• _Exercise data_

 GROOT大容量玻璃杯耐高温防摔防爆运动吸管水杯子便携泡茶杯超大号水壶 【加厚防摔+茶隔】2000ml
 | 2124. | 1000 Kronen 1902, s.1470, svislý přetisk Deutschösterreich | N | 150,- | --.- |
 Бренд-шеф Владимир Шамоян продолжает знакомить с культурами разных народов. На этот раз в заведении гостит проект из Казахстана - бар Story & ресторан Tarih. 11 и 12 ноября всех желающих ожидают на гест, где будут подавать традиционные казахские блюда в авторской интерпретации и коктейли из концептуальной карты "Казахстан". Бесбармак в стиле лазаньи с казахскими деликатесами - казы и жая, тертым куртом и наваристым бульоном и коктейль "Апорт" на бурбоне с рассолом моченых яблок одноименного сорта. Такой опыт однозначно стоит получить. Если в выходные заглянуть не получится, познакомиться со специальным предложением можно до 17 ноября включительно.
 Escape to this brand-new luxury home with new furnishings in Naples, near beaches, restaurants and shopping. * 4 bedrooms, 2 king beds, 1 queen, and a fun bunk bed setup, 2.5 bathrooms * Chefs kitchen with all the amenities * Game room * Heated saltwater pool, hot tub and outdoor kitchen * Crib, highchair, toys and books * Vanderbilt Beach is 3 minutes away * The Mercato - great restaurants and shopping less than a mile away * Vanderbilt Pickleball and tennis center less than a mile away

* * *

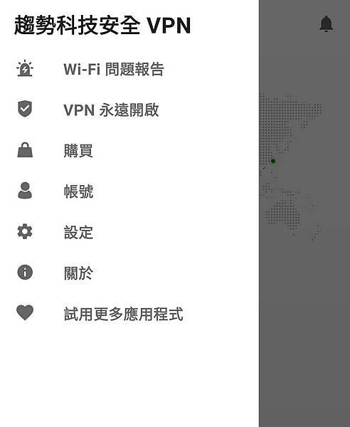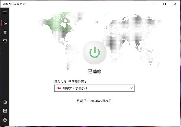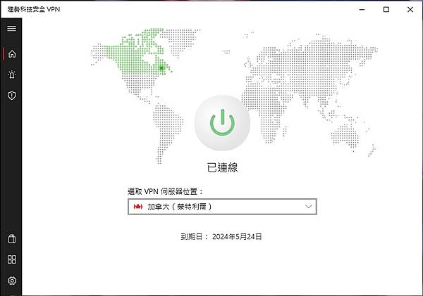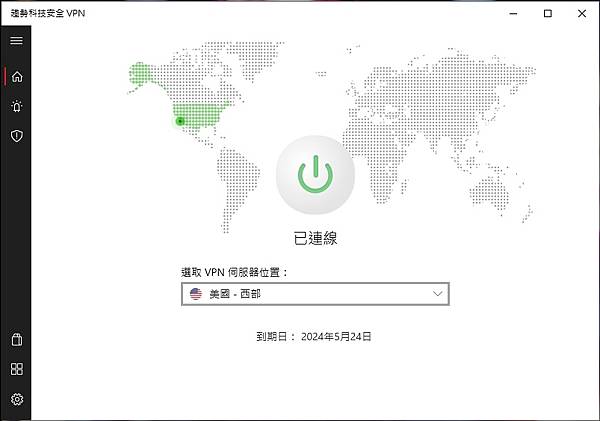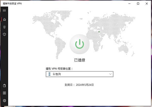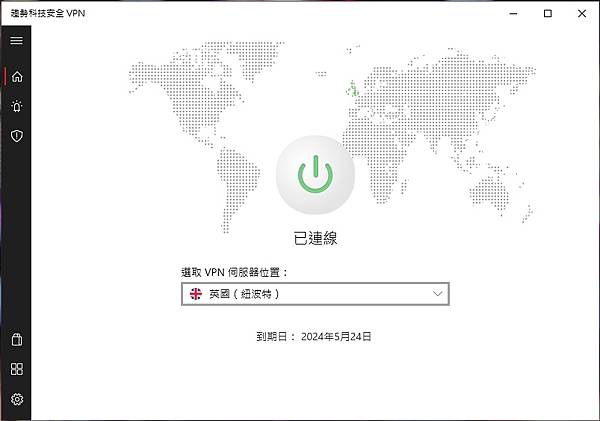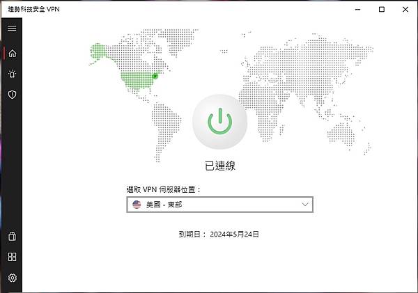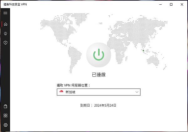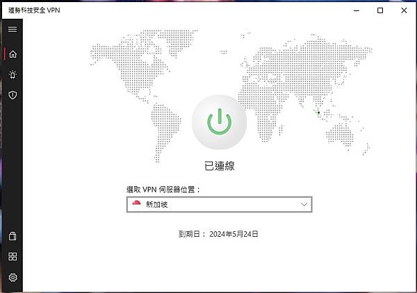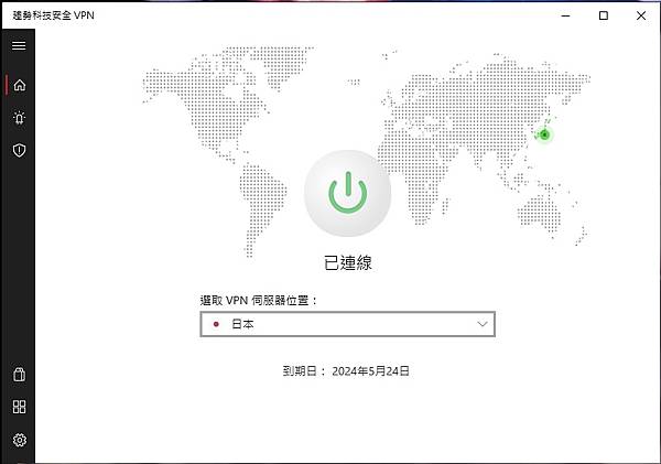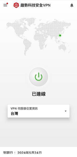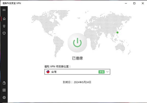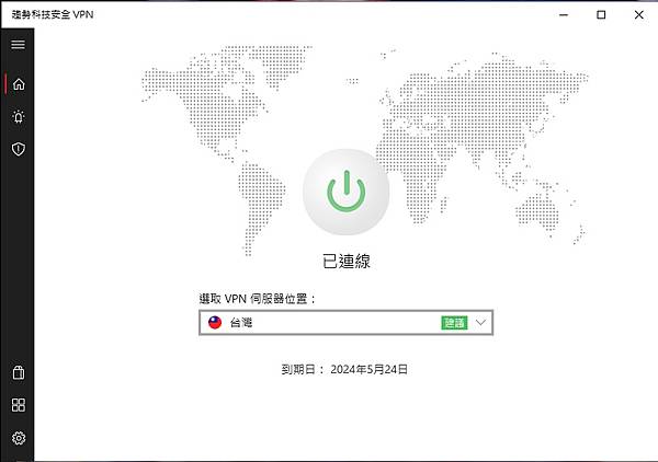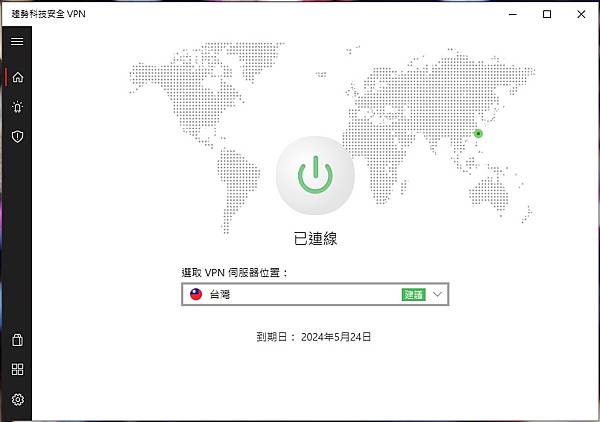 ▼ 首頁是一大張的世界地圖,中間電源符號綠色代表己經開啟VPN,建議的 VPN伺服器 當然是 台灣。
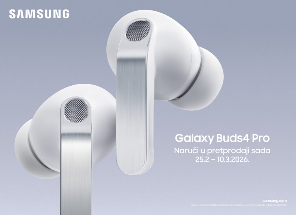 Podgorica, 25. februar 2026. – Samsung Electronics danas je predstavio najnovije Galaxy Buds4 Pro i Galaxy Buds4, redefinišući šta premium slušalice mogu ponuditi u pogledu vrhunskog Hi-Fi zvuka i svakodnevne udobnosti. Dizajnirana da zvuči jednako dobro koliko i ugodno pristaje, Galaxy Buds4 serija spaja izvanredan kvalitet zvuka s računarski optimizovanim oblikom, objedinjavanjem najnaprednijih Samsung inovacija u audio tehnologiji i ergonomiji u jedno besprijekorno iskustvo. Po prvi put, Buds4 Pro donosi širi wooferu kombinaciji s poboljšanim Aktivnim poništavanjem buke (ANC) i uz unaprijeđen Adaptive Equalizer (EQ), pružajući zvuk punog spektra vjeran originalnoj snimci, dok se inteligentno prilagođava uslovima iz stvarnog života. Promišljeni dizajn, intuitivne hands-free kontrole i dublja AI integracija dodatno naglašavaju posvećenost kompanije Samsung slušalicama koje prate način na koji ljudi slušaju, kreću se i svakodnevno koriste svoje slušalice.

• _Problem description_
In the entries above, find the line with "GROOT大容量玻璃杯耐高温" and the line with "Deutschösterreich | N | 150,- | --.- |", then restate word for word both of them and every line between, with nothing more.

• _Written answer_
 GROOT大容量玻璃杯耐高温防摔防爆运动吸管水杯子便携泡茶杯超大号水壶 【加厚防摔+茶隔】2000ml
 | 2124. | 1000 Kronen 1902, s.1470, svislý přetisk Deutschösterreich | N | 150,- | --.- |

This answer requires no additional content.